Na arquitetura, o uso de texturas realistas também tem ganhado espaço como alternativa a materiais naturais, gerando impactos nos custos do projeto e na complexidade da manutenção necessária, já que o ACM, nesse contexto, oferece uma solução visualmente atrativa, com instalação mais simples e maior durabilidade, quando comparado a outros materiais naturais, como pedras e madeira.

É possível fazer impressão direta no ACM?

A possibilidade de impressão direta no ACM, utilizando tecnologias como UV, permite aplicar imagens, padrões e elementos gráficos diretamente na superfície da chapa, com alta definição e resistência. Na prática, isso abre espaço para aplicações mais criativas na comunicação visual, como painéis decorativos, sinalização personalizada, fachadas com identidade visual integrada e até obras artísticas.

A impressão UV no ACM também se destaca pela durabilidade, já que a tinta é curada instantaneamente e apresenta boa resistência à ação do tempo, especialmente quando combinada com chapas de pintura PVDF. Para profissionais do setor, essa tecnologia representa uma oportunidade de agregar valor ao portfólio, oferecendo soluções mais completas e diferenciadas aos clientes.

ACM e sustentabilidade: o que considerar?

O alumínio, principal componente das chapas de ACM, é 100% reciclável e pode ser reutilizado inúmeras vezes sem perda de propriedades. Quando falamos de reciclagem de ACM, o desafio está no núcleo de polietileno, que possui limitações no número de reciclagens. Por isso, a indústria segue investindo em processos mais eficientes de separação e reaproveitamento dos materiais, além do desenvolvimento de núcleos com menor impacto ambiental.

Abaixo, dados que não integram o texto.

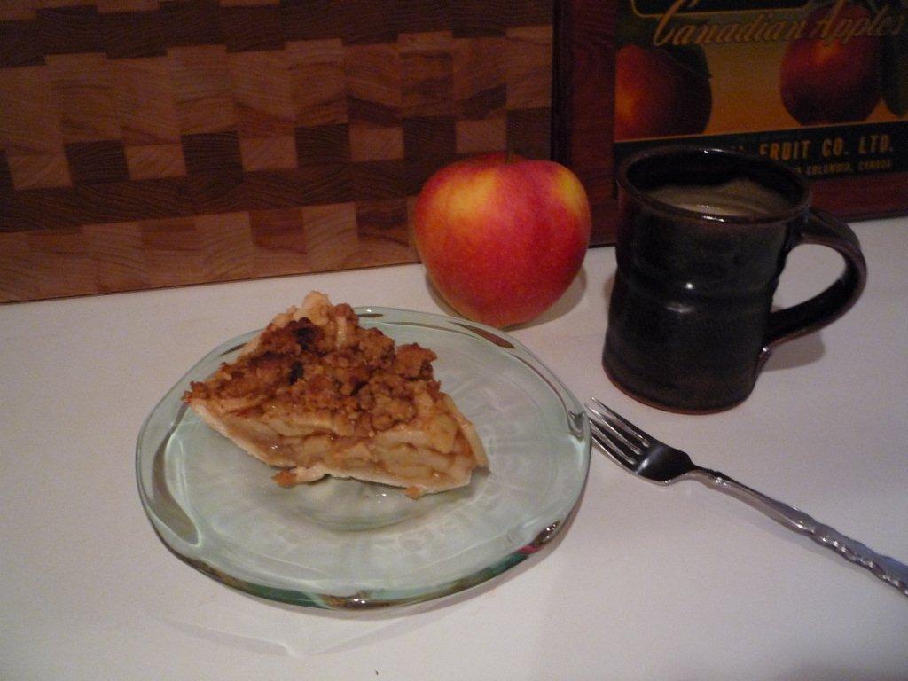 6. Place the apple mixture into the pie crust. It will be a heaped mound and seem like too many apples but that’s okay because the apples will shrink as they bake. Sprinkle the crumble topping on the apples pressing it down a bit. Place the pie into the preheated oven and bake for 20 minutes, reduce the temperature to 350 degrees C then cover loosely with foil and bake for an additional 30 minutes. Cool for 2 hours before serving.
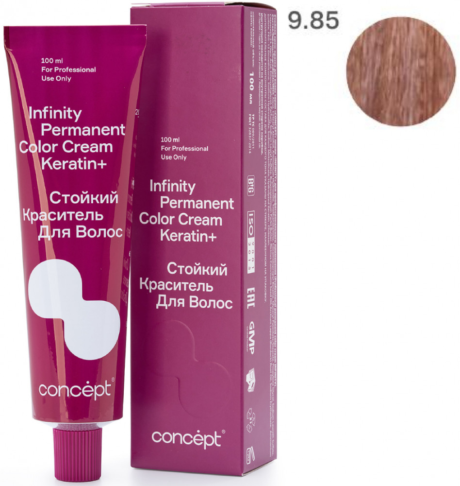 Краситель для волос стойкий «Permanent Color Cream Keratin+», оттенок 9.85 Светлый блондин жемчужно-красный | Infinity | Concept
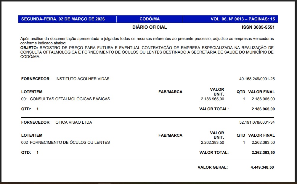 Outro ponto que tem causado indignação entre empresários é o fato de que nenhuma empresa de Codó foi contemplada nos contratos, mesmo existindo várias óticas na cidade que poderiam prestar o serviço ou participar do processo.

Outro ponto relevante com impacto nas métricas de ESG é a durabilidade do ACM. Por ser um material resistente e de baixa manutenção, ele reduz a necessidade de substituições frequentes, contribuindo indiretamente para a redução de resíduos. Para projetos que buscam certificações ambientais, como LEED, o uso de ACM com origem controlada e processos sustentáveis pode ser um diferencial importante.

Aplicações do ACM além das fachadas

As fachadas são uma das utilizações mais conhecidas, mas o ACM também aparece em diversos outros projetos.

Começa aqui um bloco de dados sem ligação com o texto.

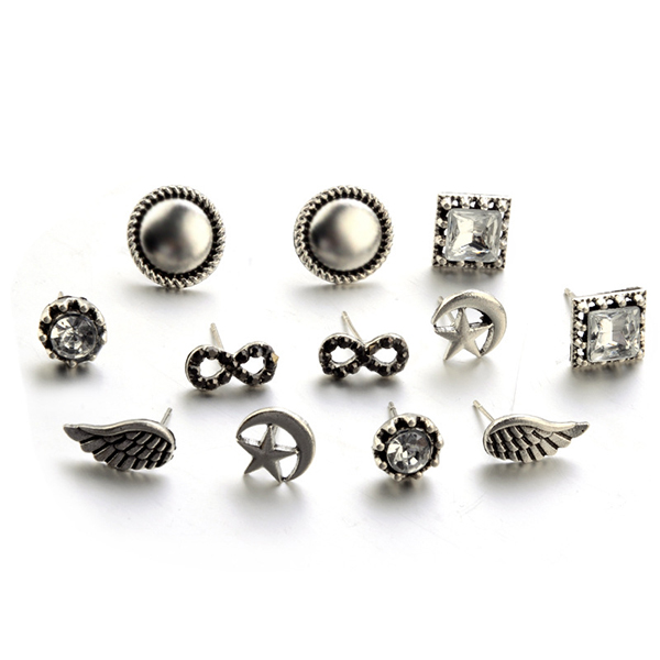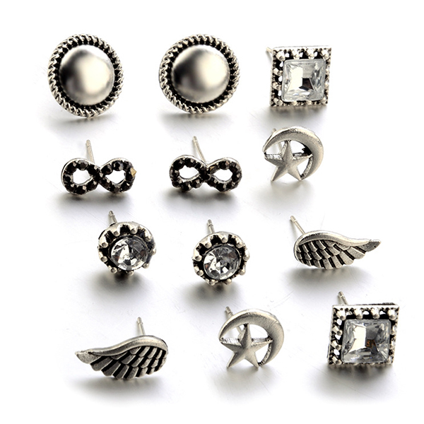 If you have this stud earring set on hand,you can wear a pair of different shaped stud earrings every several days.
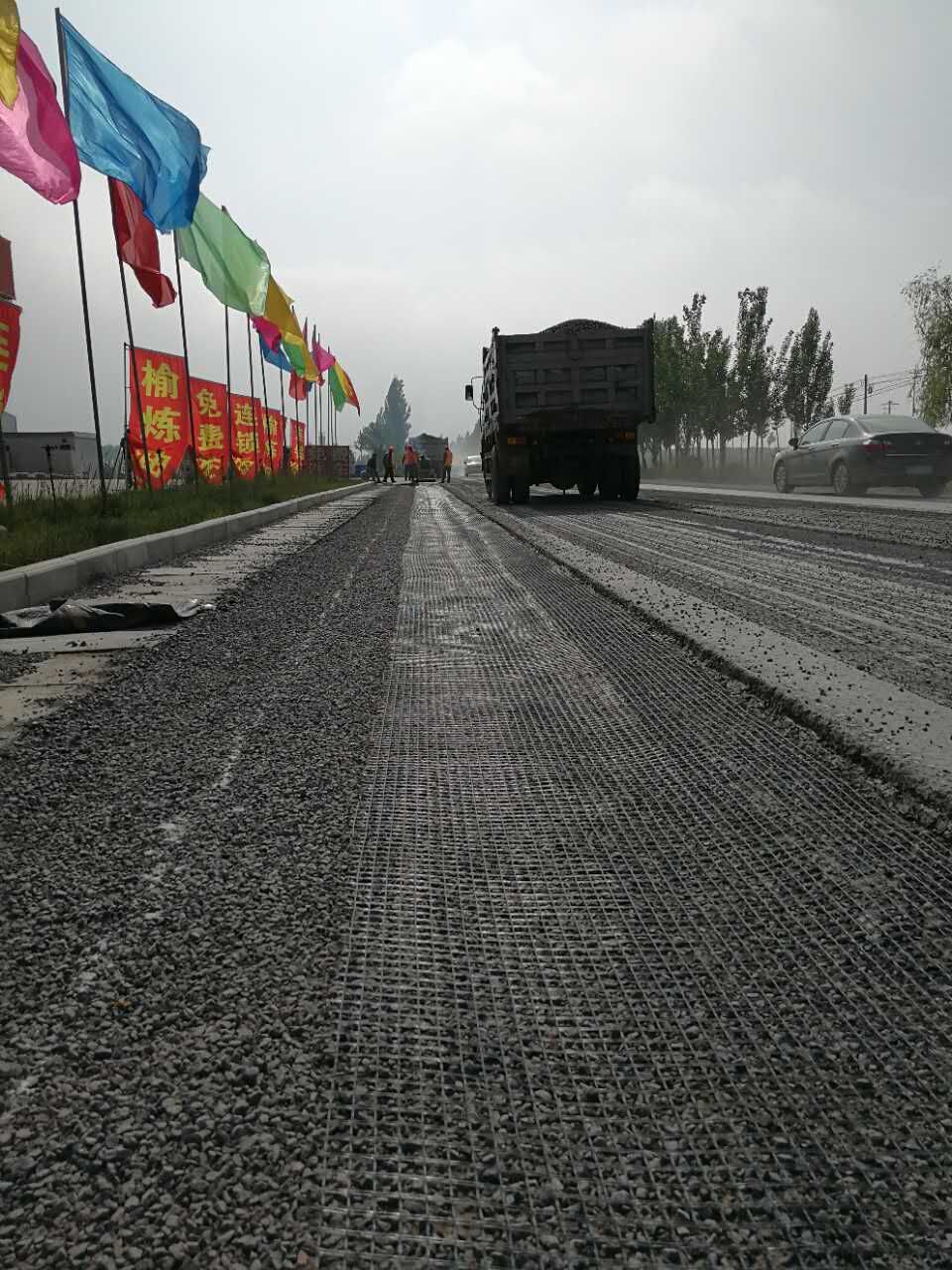 6月22日,国道307大中修工程中修段下面层加宽工程顺利开工。在新旧基层搭接处,为了防止路面产生纵向裂缝,该下面层采用新工艺加了防裂土工格栅,采用小型轮胎摊铺机铺筑下面层取得了良好的效果。
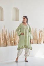 Look effortlessly stylish in this beautiful handmade kurta. The soft and breathable handwoven cotton fabric ensures all-day comfort, while the round neck and long sleeves flatter your figure. The pista green color is sure to add a touch of elegance to any wardrobe with french knots work .
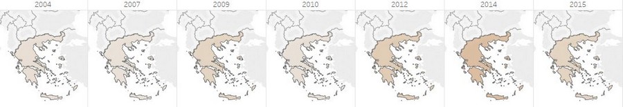Δείτε το χάρτη παρακάτω. Σημειώστε πως στο ποσοστό της Ελλάδας, η έρευνα αθροίζει ΛΑΟΣ, Χρυσή Αυγή, Εθνικό Μέτωπο και Ένωση για την Πατρίδα και το Λαό. Επιλέξτε κάθε χρονιά από το μενού πάνω δεξιά στο χάρτη.
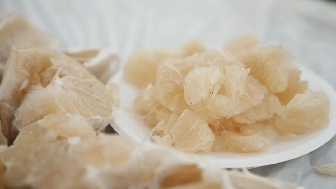 “东试早”柚不仅成熟期早,还是全身都是宝的“懂事宝”。剥开的柚子皮带有浓郁的清香,是制作蜂蜜柚子茶的好材料,也是寻常人家放置在冰箱、厕所的除味“神器。削去外层绿皮,保留白色海绵部分,经过焯水挤干水分等步骤后,再放入油、小米辣、蒜末进行爆炒或凉拌的柚子美食,会给你带来别样的美食体验。

Na comunicação visual, pode ser empregado em:

  • totens;
  • placas e sinalização;
  • painéis publicitários;
  • displays;
  • revestimentos;
  • elementos de ponto de venda;
  • comunicação interna;
  • estandes e cenografia;
  • mobiliário e elementos decorativos;
  • estruturas e projetos especiais.

Em eventos e feiras, a combinação de rigidez e baixo peso facilita sua utilização em cenografia e estruturas temporárias. Em ambientes comerciais e corporativos, acabamentos especiais ajudam a integrar comunicação, arquitetura e identidade visual.

A evolução das técnicas de fabricação também vem ampliando essas possibilidades. Na FuturePrint 2026, por exemplo, foram apresentados sistemas e técnicas de modelagem 3D aplicados a fachadas em ACM, mostrando como projeto digital e fabricação podem ser combinados na execução de formas mais complexas.

Como escolher entre os tipos de ACM?

A especificação correta começa pela aplicação, e não pelo preço da chapa.

Antes de selecionar o material, é necessário identificar onde ele será instalado, por quanto tempo deverá permanecer em uso, quais esforços receberá, qual acabamento é necessário e quais requisitos técnicos precisam ser atendidos.

Para empresas de comunicação visual, esse conhecimento também tem impacto comercial. Dominar as diferenças entre os tipos de ACM permite apresentar alternativas mais adequadas a cada projeto, justificar tecnicamente a especificação e reduzir o risco de problemas decorrentes da utilização de um material incompatível com a aplicação.

A escolha correta, portanto, não está em buscar um único “melhor ACM”, mas em combinar núcleo, pintura, espessura, acabamento e características do projeto para chegar à configuração adequada.